Have a look at this discussion: Data versioning

We use a combination of DvC and guild, but will migrate to guild completely when support for DvC tracked files arrives.

Hi @fspaolo, Guild’s current support this is similar in concept to the way git is designed — you push and pull data/content (in Guild’s case, runs) to and from machines based on your workflow. Like git, Guild doesn’t have a central point of control. Instead you orchestrate your workflows from various Guild client installations.

Unfortunately, workflows don’t come “out of the box” with Guild. You need to do some wiring based on your organizational requirements. A common workflow is to pull from a source repo and distribute runs to various nodes using the --remote option with guild run. You can then use the pull command to collect the results across the various nodes.

The alternative to this architectural approach is to use a separate orchestration tier that uses Guild to run operations and consolidates results (runs) itself. There are a bunch of these (e.g. Airflow, Kubeflow, Dask and Prefect, to some extent) — I imagine your organization has looked at some of these. In this case, Guild just becomes another job that’s run by the scheduler.

This advice is super high level and there’s more to dig into. If you’d like to get into the details, I’d be curious to know a few things:

  • Do you instantiate your VMs dynamically based on a job requirement, or do you have these VMs running and available across jobs?
  • Are you using a workflow/orchestration/scheduler currently?
  • Are you using any sort of CI/CD (e.g. Jenkins) tool to pull from source control and run jobs?

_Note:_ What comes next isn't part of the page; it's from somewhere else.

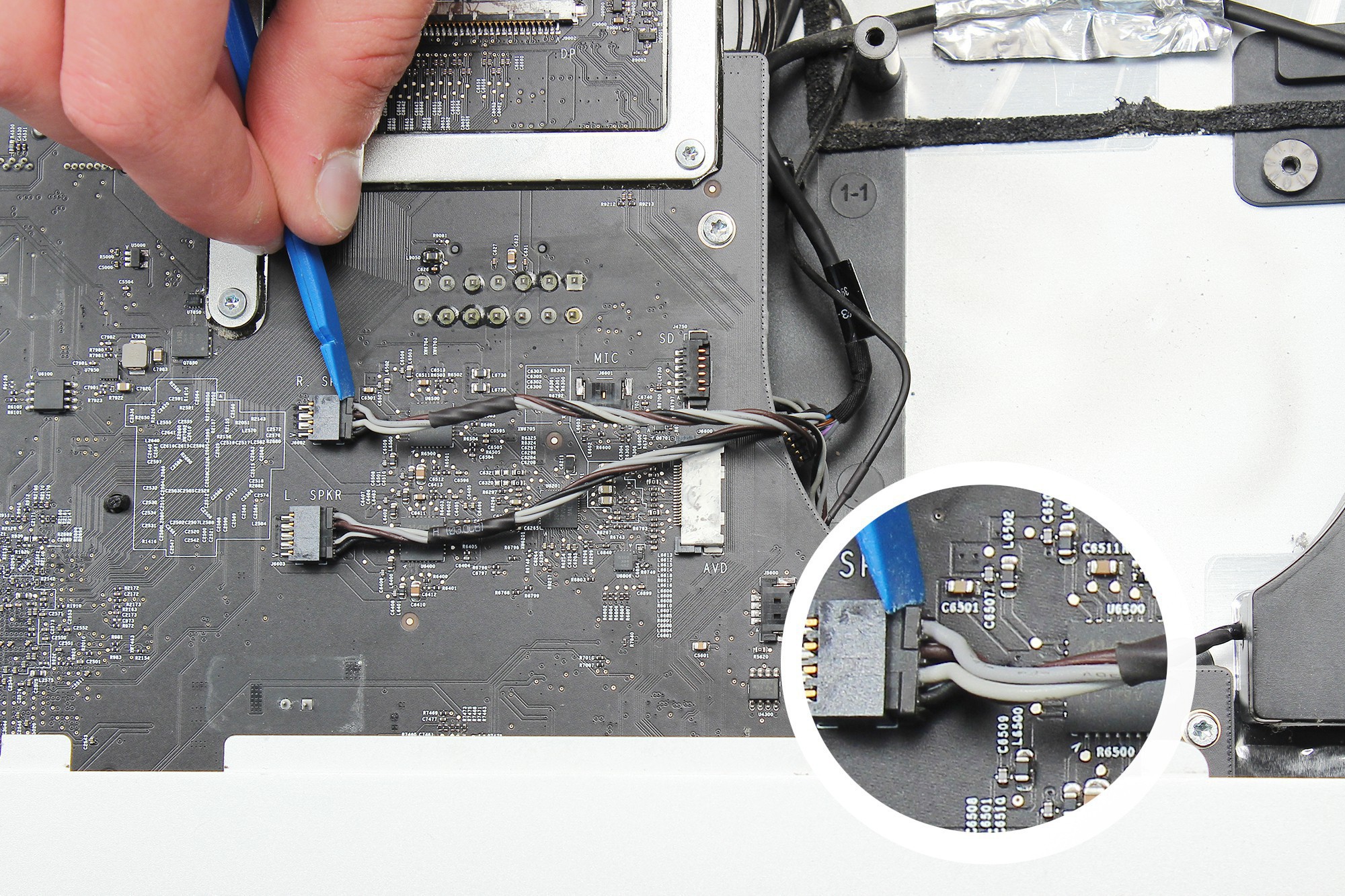 A l'aide de la spatule en nylon, déconnectez la nappe des connecteurs audio.

As @copah mentioned, Guild has a forthcoming support for DvC, which will let you pull resources from DvC, which is a way to synchronize on versioned data. You should be able to start using Guild before that however, as Guild can grab resources from URLs (which DvC provides).

You still have the somewhat complex problem of VM instantiation and job orchestration. Guild provides a specific facility for that (described at a high level above) but there are lots of other options. I’d start with what your org is looking at and see how Guild can fit into that.